PROBLEM DETAILS:
Word for word, copy the listing below and leave out its images.

COLLECTED DATA:

* * * * *

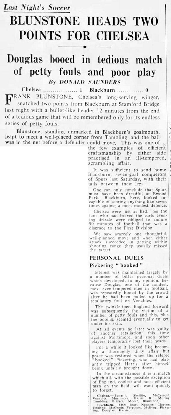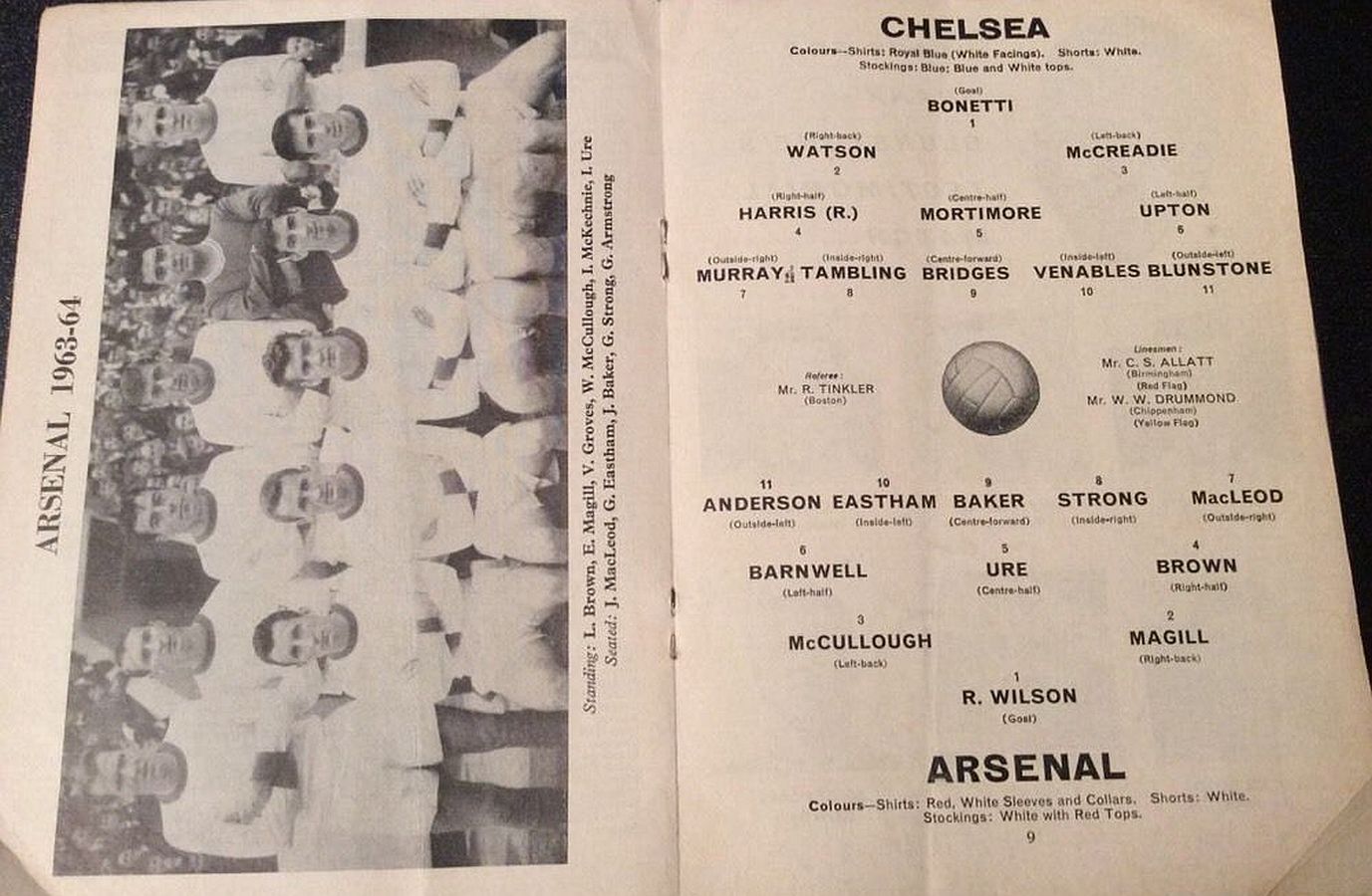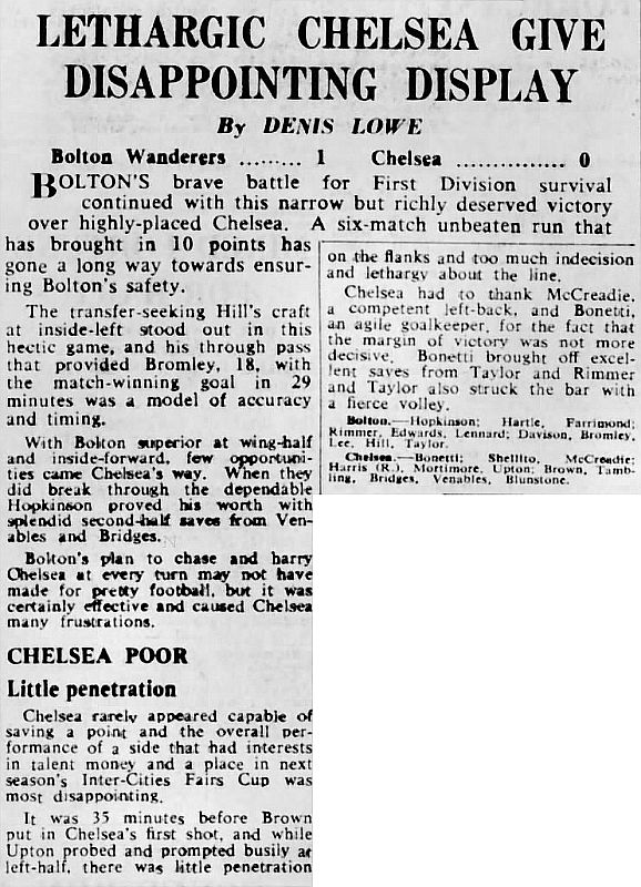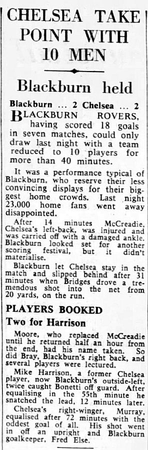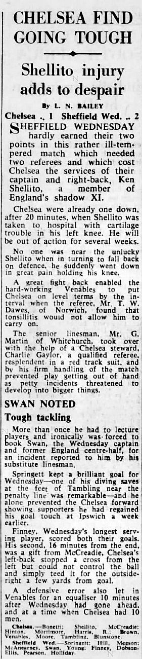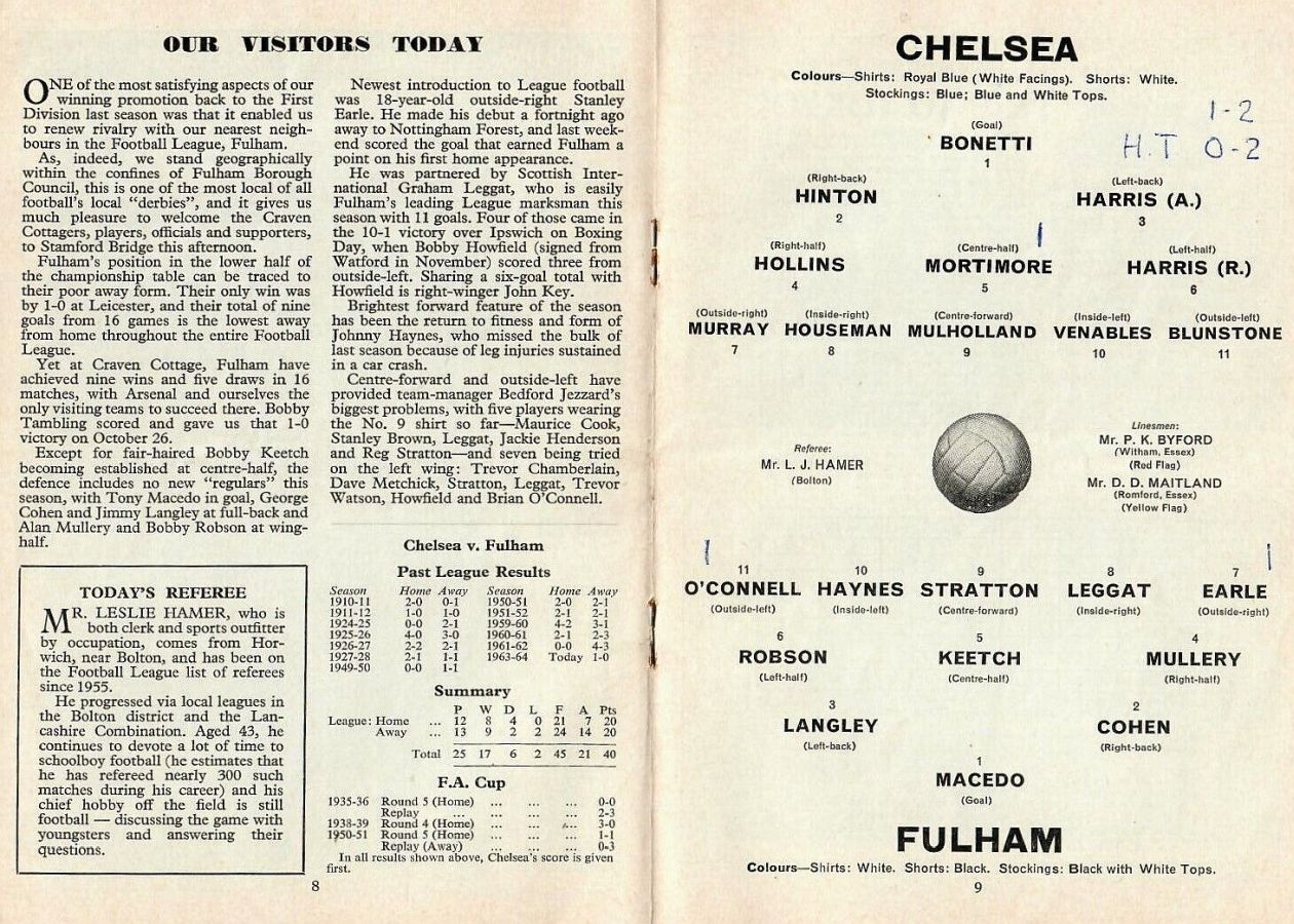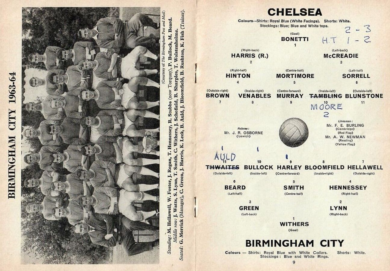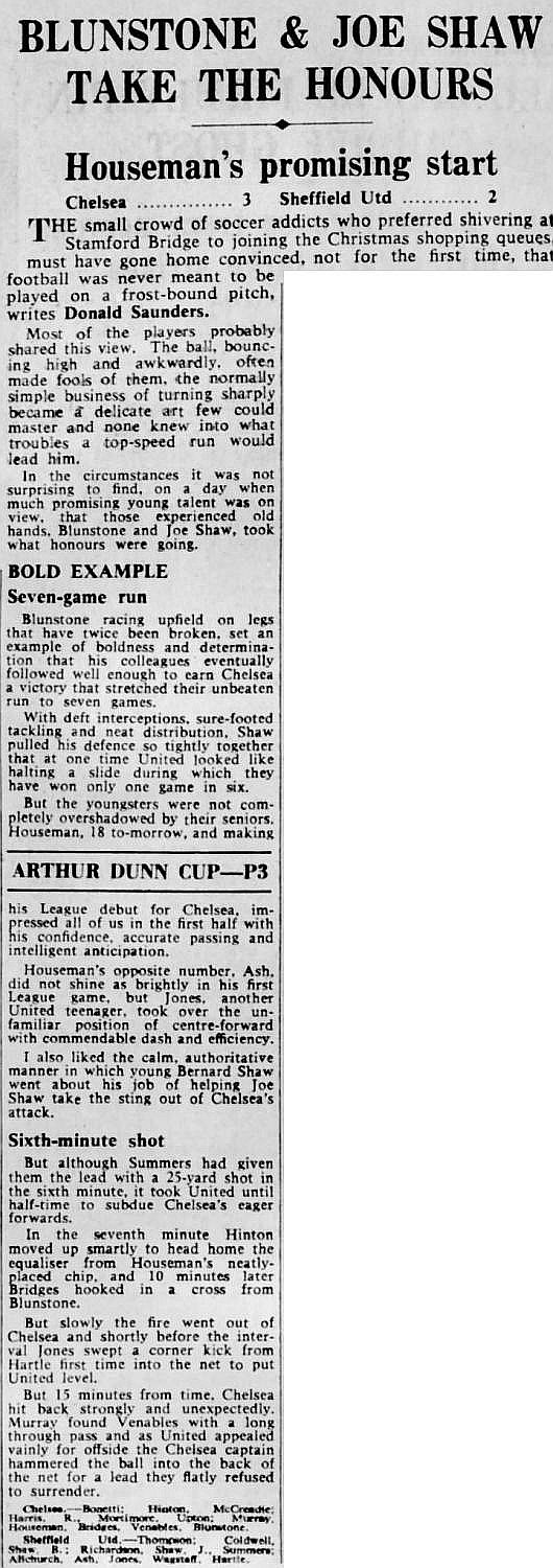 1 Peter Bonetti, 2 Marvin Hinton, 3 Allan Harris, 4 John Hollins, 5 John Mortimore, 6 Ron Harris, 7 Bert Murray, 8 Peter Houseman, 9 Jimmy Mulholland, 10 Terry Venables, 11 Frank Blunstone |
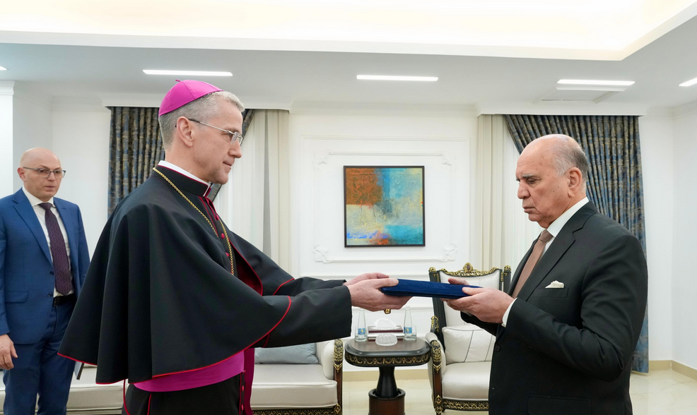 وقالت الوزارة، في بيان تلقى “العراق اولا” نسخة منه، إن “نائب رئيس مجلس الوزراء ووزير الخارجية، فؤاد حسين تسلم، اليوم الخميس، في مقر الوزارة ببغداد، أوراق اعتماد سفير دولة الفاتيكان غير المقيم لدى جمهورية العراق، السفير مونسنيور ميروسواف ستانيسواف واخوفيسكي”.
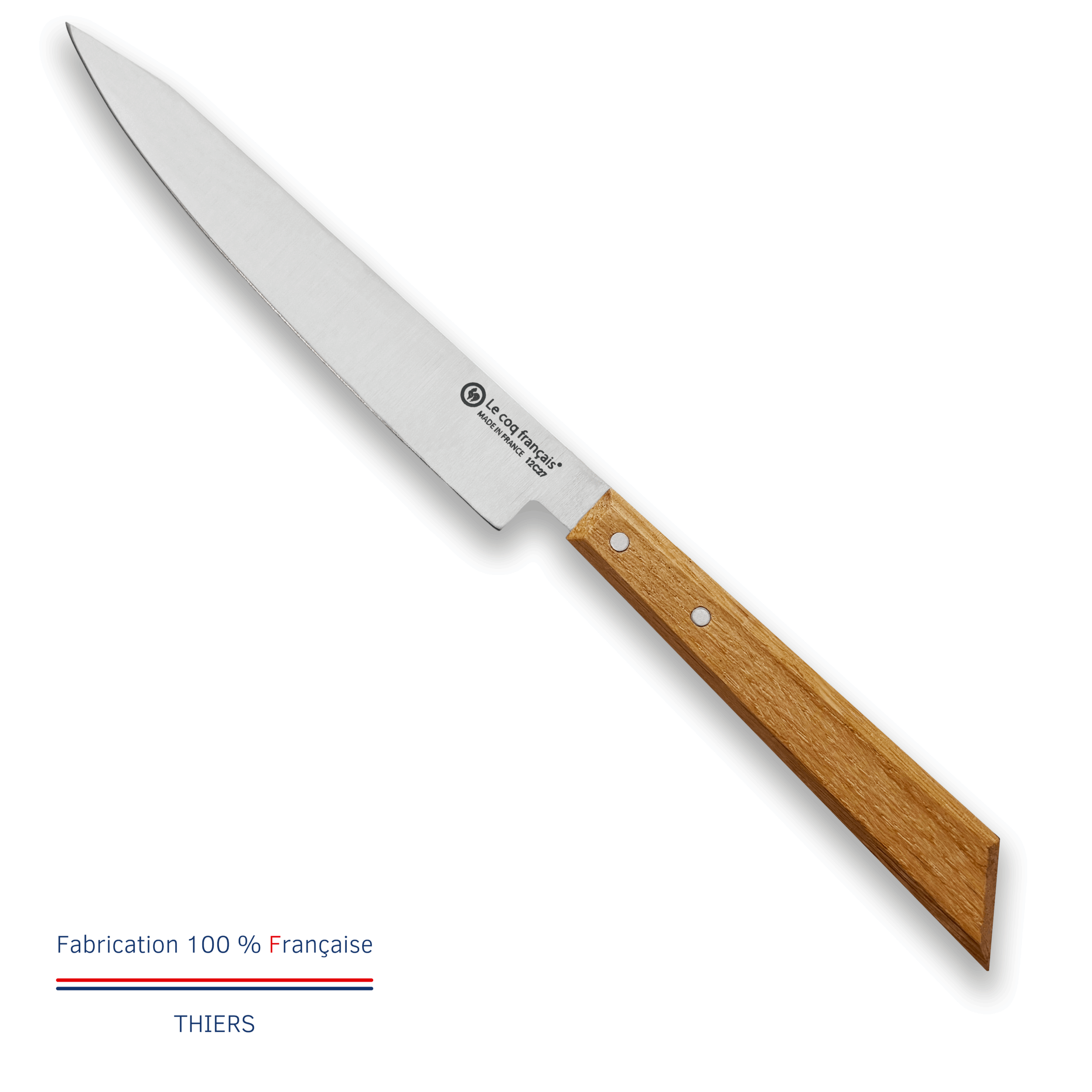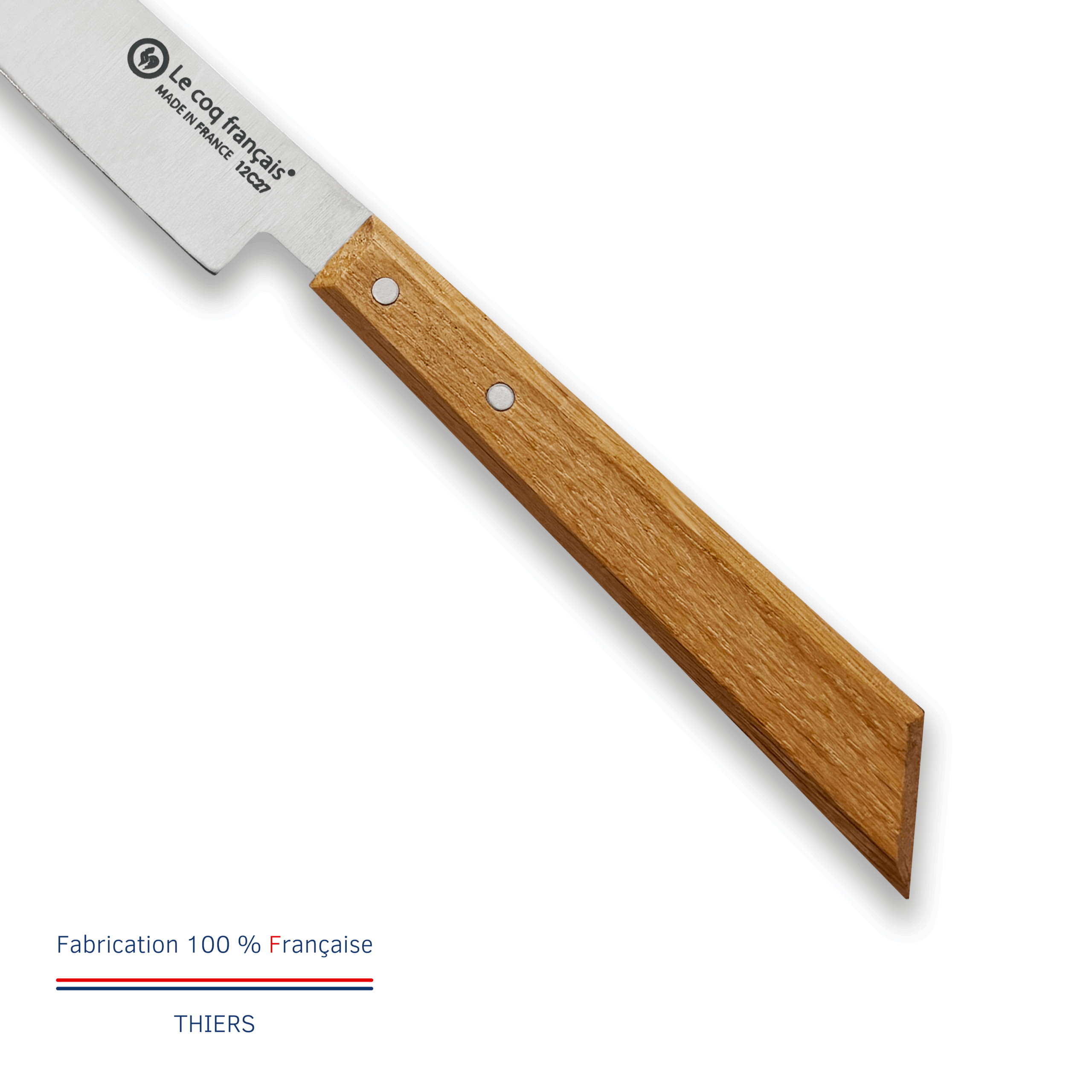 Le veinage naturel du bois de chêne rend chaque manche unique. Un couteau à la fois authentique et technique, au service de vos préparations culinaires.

* * * * *

COMPLETED TASK:
 1 Peter Bonetti, 2 Marvin Hinton, 3 Allan Harris, 4 John Hollins, 5 John Mortimore, 6 Ron Harris, 7 Bert Murray, 8 Peter Houseman, 9 Jimmy Mulholland, 10 Terry Venables, 11 Frank Blunstone |
 وقالت الوزارة، في بيان تلقى “العراق اولا” نسخة منه، إن “نائب رئيس مجلس الوزراء ووزير الخارجية، فؤاد حسين تسلم، اليوم الخميس، في مقر الوزارة ببغداد، أوراق اعتماد سفير دولة الفاتيكان غير المقيم لدى جمهورية العراق، السفير مونسنيور ميروسواف ستانيسواف واخوفيسكي”.
 Le veinage naturel du bois de chêne rend chaque manche unique. Un couteau à la fois authentique et technique, au service de vos préparations culinaires.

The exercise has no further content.